Par ailleurs, la restriction des déplacements limite la mobilité de la main d’œuvre saisonnière, privée d’indispensables revenus. Elle fait aussi défaut pour les travaux des champs, notamment les récoltes.

Les femmes payent le prix fort…

Ouvrières agricoles, vendeuses sur les marchés, transformatrices, travailleuses du secteur informel, soignantes… voient leur position se dégrader face à la pandémie du Covid-19. « Confinées, nous n’avons plus de revenus », témoigne des paysannes de l’association paraguayenne Serpaj qui lutte pour les droits humains. Le jotopa (« se réunir »), pratique quotidienne pour les groupes, comités ou associations de femmes, est suspendu. « Mais si la faim vient, alors nous sortirons. »

L’enquête menée par le Forum tunisien pour les droits économiques et sociaux (FTDES) en milieu rural est poignante. Alors qu’elles sont exclues de certaines aides gouvernementales, les femmes se risquent à braver le confinement pour travailler comme journalières, à la merci d’exploiteurs qui en profitent – salaires de misère, exposition à la contamination par le Covid-19 – sans protection.

…mais défendent un autre système agricole

Un peu partout, les bouleversements induits par la crise sanitaire accélèrent la réflexion sur une mutation de systèmes agricoles et alimentaires bien loin d’assurer la souveraineté alimentaire des populations. « En Afrique du Sud, des femmes proposent déjà des approches stratégiques », relève Isabelle Manimben.

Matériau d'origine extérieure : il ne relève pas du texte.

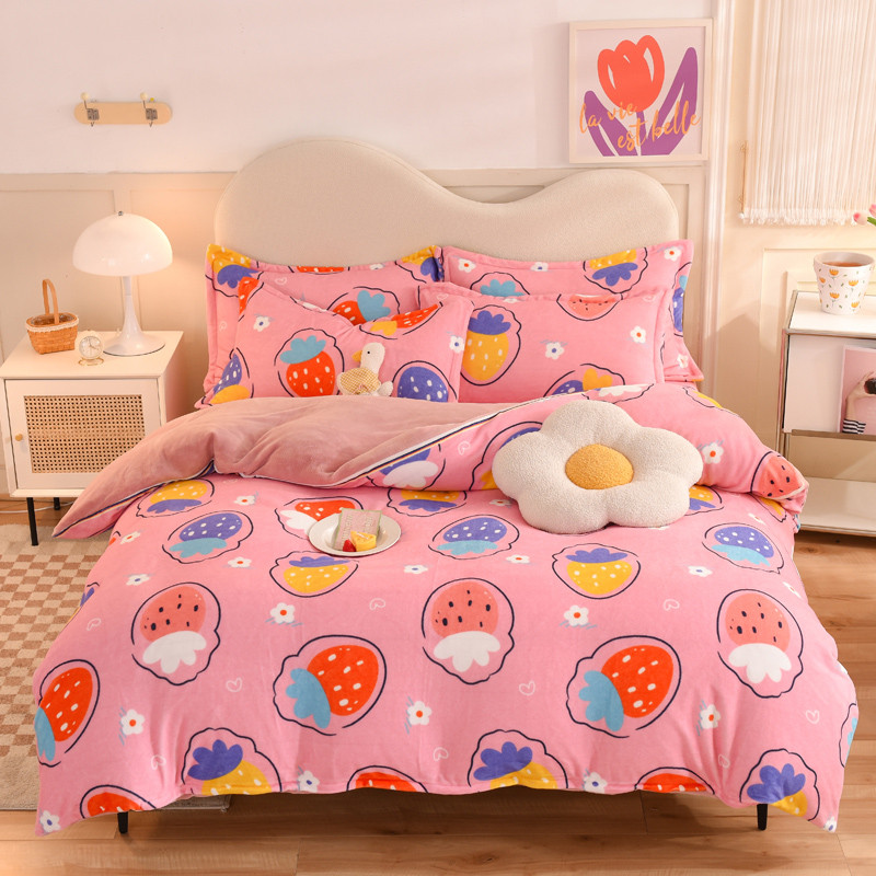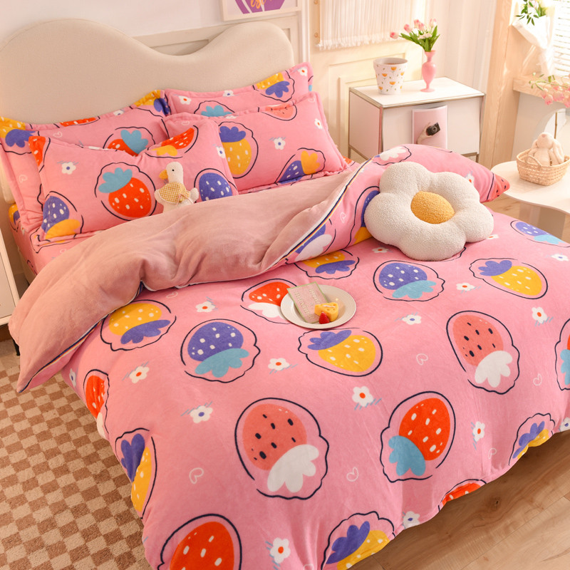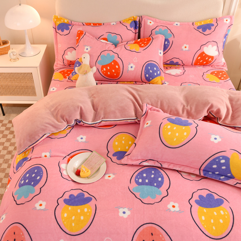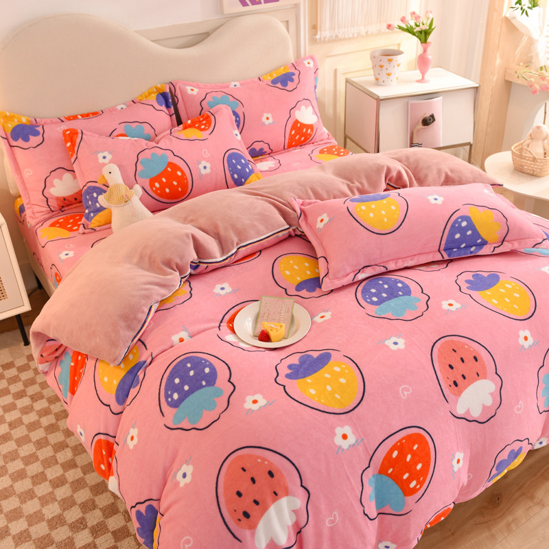 当前位置: 91家纺网 > 商品网购 > 床品套件 > 四件套 > 牛奶绒四件套 > 甜之梦家纺 2025新款印花牛奶绒单品四件套 粉红草莓

Les transformatrices agricoles et vendeuses de marché de la Rural Women Assembly veulent réduire leur vulnérabilité à ce genre de crises en misant sur les semences paysannes locales et plus largement sur une relocalisation des systèmes agricoles — produire et consommer local, se passer des intrants importés, repenser l’approvisionnement des villes, etc. Le Réseau des organisations paysannes et de producteurs de l’Afrique de l’Ouest appelle aussi à tirer résolument parti de l’impact de la crise sanitaire pour construire un autre modèle agricole, durable, local, définitivement débarrassé de la dépendance aux importations et aux cultures de rente.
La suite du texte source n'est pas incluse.